Having access to a computer that was linked to the colour photocopier, while she waited for the copier to finish printing she succumbed to the temptation of doing an online search for information on Sebasten. But the very site she found brought up a to-die-for portrait photo of Sebasten and she never got any further. Her heartrate quickening at first glimpse of that lean, strong face, she drank in his image with intense appreciation. The stress of her difficult day seemed to evaporate as she hit the print button to get a copy of that photo to take home.

When more than one photo began to pile up in the copier, she did not initially panic. In fact she just thought she would have a photo for every handbag, would indeed not need to go an hour without a frequent fix of studying Sebasten. However, as the pile began to mount beyond the number of bags that even she possessed she tried to cancel the print run. But nothing she did would persuade the wretched machine to cease the operation. As luck would have it, Milly Sharpe arrived at that point.

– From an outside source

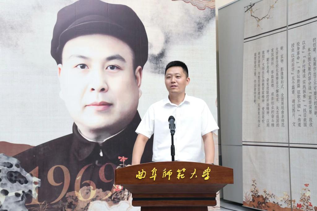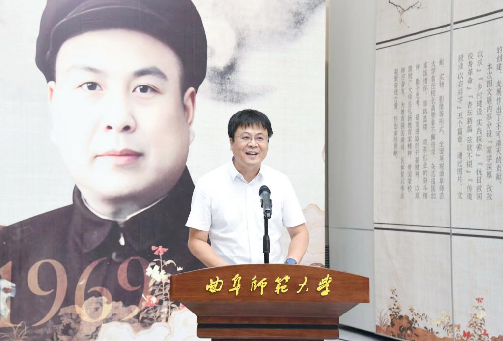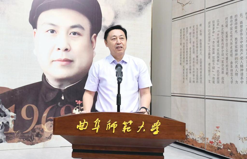 张洪海在致辞中对各位领导嘉宾的到来表示欢迎和感谢,他表示,本次展览是学校庆祝中华人民共和国成立75周年系列活动,同时也是学校发挥特色优势,弘扬教育家精神的重要举措,高赞非先生作为学校的创校校长,集革命家和教育家于一身,以为国弘文的战略眼光和躬耕教坛的务实态度,用实际行动书写了忠诚、践行了担当,为孔子家乡大学注入了最浓厚的家国情怀底色,留下了弥足珍贵的精神财富。

Scooping up the first picture of Sebasten, she held it up like an exhibit at a murder trial, icy condemnation in her challenging gaze. ‘Where did you get this from?’

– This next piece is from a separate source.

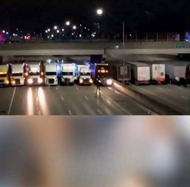 People who were driving along this road got stuck in a traffic jam, but when they learned the reason why 13 trailer trucks were placed in line and not moving an inch blocking the road, they knew the waiting was worth it.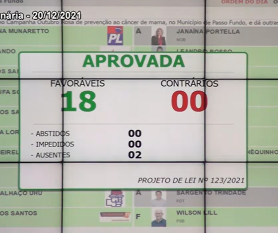 Aprovado o Projeto de Lei nº 123, de autoria da vereadora Janaína Portella (MDB), que institui o mês de Outubro como Campanha Outubro Rosa de prevenção ao câncer de mama, no Município de Passo Fundo. O objetivo é oficializar no município, a cultura de que se deve buscar a divulgação mais ampla possível, sobre o câncer de mama.

‘I only meant to print one—’

‘You mean…there’s more than one?’ the redhead demanded and swooped on the fat pile in disbelief, checking the print run with brows that vanished below her fringe. ‘You have printed four hundred copies of this photo?’

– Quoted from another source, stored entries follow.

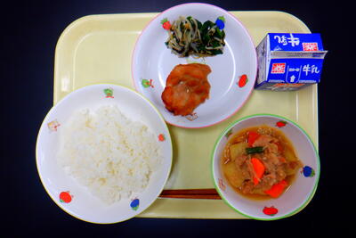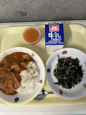 【今日の献立】ごはん あつあげのカレーにこみ やきししゃも いそかあえ 牛乳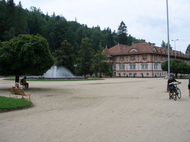 V Luhačovicích obdivujeme kolonádu a opět nikam nechvátáme. Vůbec jsme po včerejšku nějak zpomalení. Místo tradiční polední zastávky v hospodě, nakonec stíháme jen rychlý nákup v sámošce a nastupujeme do již přistaveného Galána.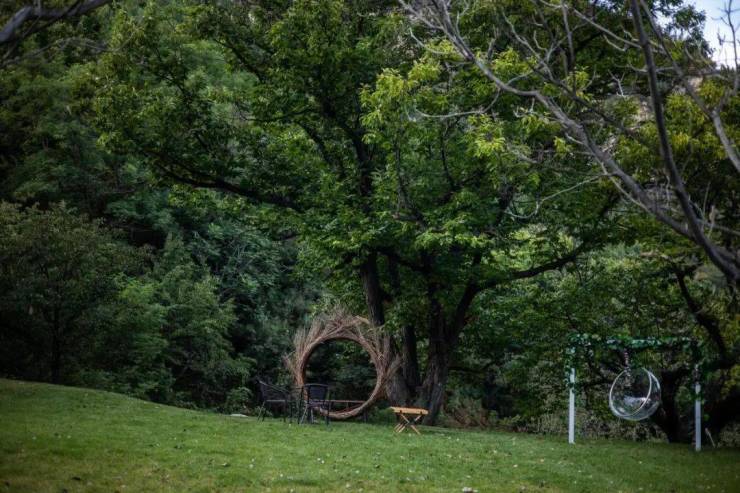 安营寨长城脚下的森林营地占据大片宽阔草坪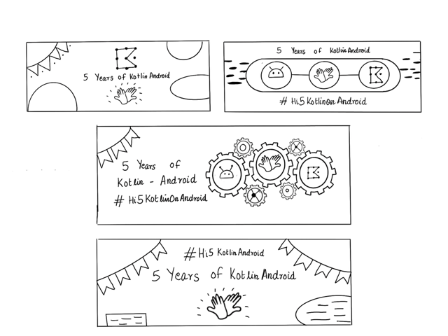 I proposed using high-five as a visual element and the Kotlin logo as inspiration for a celebratory pennant banner. I presented four design concepts to the team.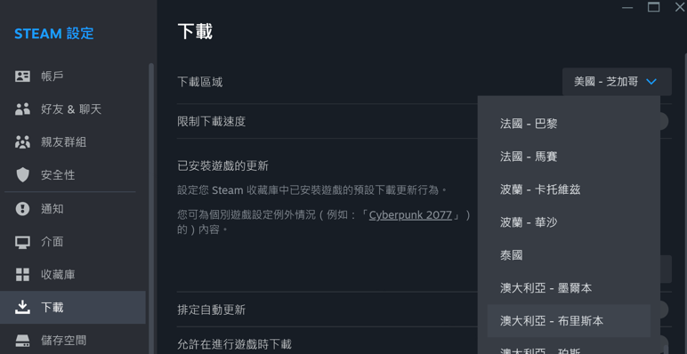 Steam 會根據您的位置自動分配下載伺服器,但如果當前所在地伺服器負載過高,更改伺服器位置可能會有所幫助。

Lizzie reddened to her hairline, feeling like a kid caught languishing over a secret pin-up. ‘I’m really very sorry—’

‘Have you any idea how much this special photographic paper costs per single sheet?’

Lizzie was shattered to be informed that she had wasted a couple of hundred pounds of very expensive stationery.

‘And on company time!’ The other woman’s voice shook with outrage. ‘I would also add that I consider it the height of impertinence to print photos of Mr Contaxis. I think it would be best if you spent the rest of the afternoon tidying up the stationery store room across the corridor.’

Just when Lizzie was wondering why it should be ‘impertinent’ to print images of Sebasten, a wave of such overpowering nausea assailed her that she was forced to bolt for the cloakroom. After a nasty bout of sickness she felt so dizzy that she had to hang on to the vanity counter before she felt steady enough on her feet to freshen up. While she was doing that, a slight, youthful blonde came in.

‘I’m Rosemary. I’m to check up on you and show you to the sick room,’ she explained with a friendlier smile than Lizzie had so far received from any of the female staff.

‘I’m fine now,’ Lizzie asserted in haste, thinking that if she ended up in the sick room on top of such a disastrous work performance, her first day would definitely be her last day of employment in the building.

‘You’re still very pale. Don’t let Milly Sharpe get to you,’ the chatty blonde advised. ‘If you ask me, she’s just got a chip on her shoulder about how you got your job.’

Lizzie frowned. ‘How…I got my job?’

Rosemary shrugged a carefully noncommittal shoulder. ‘There’s this mad rumour flying round that you didn’t come in by the usual selection process but got strings pulled for you by someone influential on the executive floor—’

Lizzie coloured in dismay. ‘That’s not true—’

‘The average temp doesn’t wear delectable designer suits either and we’re all killing ourselves over what you did with the photocopier,’ Rosemary confided with an appreciative giggle as they left the cloakroom. ‘Four hundred copies of our hunky pin-up boss, Sebasten. I bet Milly takes them home and papers her bedroom walls with them! Glad you’re feeling better.’

‘Boss?’ Lizzie queried that astonishing label several seconds too late, for the blonde had already disappeared into one of the offices and Lizzie was left alone, fizzing with alarm and confusion.